(Data supplied):
------------------------------

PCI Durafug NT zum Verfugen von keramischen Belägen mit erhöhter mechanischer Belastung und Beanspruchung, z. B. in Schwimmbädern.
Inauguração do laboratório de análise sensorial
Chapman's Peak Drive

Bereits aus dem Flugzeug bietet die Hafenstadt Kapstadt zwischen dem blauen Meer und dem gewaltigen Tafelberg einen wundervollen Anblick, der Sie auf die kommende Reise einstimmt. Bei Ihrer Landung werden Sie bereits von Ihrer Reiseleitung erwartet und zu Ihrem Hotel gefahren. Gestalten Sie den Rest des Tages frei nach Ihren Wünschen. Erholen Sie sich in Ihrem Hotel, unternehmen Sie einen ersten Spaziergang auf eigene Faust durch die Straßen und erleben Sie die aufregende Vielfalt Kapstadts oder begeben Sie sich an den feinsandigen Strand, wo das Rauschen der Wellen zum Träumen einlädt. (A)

------------------------------

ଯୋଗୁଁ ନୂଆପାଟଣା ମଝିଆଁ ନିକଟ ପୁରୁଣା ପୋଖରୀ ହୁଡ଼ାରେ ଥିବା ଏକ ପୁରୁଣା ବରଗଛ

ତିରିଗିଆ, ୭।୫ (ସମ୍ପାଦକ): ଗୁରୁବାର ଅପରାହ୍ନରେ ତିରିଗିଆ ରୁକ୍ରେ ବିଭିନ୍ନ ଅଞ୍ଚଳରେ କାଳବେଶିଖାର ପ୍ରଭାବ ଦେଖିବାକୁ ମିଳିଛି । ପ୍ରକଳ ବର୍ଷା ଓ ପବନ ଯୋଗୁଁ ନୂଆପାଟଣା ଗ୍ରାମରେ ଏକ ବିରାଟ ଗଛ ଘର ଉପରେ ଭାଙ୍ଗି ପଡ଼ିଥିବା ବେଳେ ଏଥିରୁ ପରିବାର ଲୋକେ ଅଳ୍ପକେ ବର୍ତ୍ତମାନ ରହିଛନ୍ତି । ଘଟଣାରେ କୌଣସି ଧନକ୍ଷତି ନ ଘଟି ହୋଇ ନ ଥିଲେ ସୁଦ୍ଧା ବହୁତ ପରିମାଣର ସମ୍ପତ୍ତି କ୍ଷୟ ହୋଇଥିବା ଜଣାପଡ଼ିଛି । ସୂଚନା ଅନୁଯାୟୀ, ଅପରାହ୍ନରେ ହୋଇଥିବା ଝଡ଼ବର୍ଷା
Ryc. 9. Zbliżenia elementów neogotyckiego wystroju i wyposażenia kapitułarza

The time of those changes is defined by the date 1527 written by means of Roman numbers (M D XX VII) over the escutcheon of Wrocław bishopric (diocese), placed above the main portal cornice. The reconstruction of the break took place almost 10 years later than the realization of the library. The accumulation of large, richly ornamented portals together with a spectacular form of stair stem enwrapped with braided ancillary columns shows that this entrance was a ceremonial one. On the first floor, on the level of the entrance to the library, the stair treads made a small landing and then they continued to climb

------------------------------

(What to produce):
Send back exactly the lines of the listing above starting at the one with "ତିରିଗିଆ, ୭।୫ (ସମ୍ପାଦକ): ଗୁରୁବାର" and ending at the one with "The time of", inclusive, and no others.

(Exercise response):
ତିରିଗିଆ, ୭।୫ (ସମ୍ପାଦକ): ଗୁରୁବାର ଅପରାହ୍ନରେ ତିରିଗିଆ ରୁକ୍ରେ ବିଭିନ୍ନ ଅଞ୍ଚଳରେ କାଳବେଶିଖାର ପ୍ରଭାବ ଦେଖିବାକୁ ମିଳିଛି । ପ୍ରକଳ ବର୍ଷା ଓ ପବନ ଯୋଗୁଁ ନୂଆପାଟଣା ଗ୍ରାମରେ ଏକ ବିରାଟ ଗଛ ଘର ଉପରେ ଭାଙ୍ଗି ପଡ଼ିଥିବା ବେଳେ ଏଥିରୁ ପରିବାର ଲୋକେ ଅଳ୍ପକେ ବର୍ତ୍ତମାନ ରହିଛନ୍ତି । ଘଟଣାରେ କୌଣସି ଧନକ୍ଷତି ନ ଘଟି ହୋଇ ନ ଥିଲେ ସୁଦ୍ଧା ବହୁତ ପରିମାଣର ସମ୍ପତ୍ତି କ୍ଷୟ ହୋଇଥିବା ଜଣାପଡ଼ିଛି । ସୂଚନା ଅନୁଯାୟୀ, ଅପରାହ୍ନରେ ହୋଇଥିବା ଝଡ଼ବର୍ଷା
Ryc. 9. Zbliżenia elementów neogotyckiego wystroju i wyposażenia kapitułarza

The time of those changes is defined by the date 1527 written by means of Roman numbers (M D XX VII) over the escutcheon of Wrocław bishopric (diocese), placed above the main portal cornice. The reconstruction of the break took place almost 10 years later than the realization of the library. The accumulation of large, richly ornamented portals together with a spectacular form of stair stem enwrapped with braided ancillary columns shows that this entrance was a ceremonial one. On the first floor, on the level of the entrance to the library, the stair treads made a small landing and then they continued to climb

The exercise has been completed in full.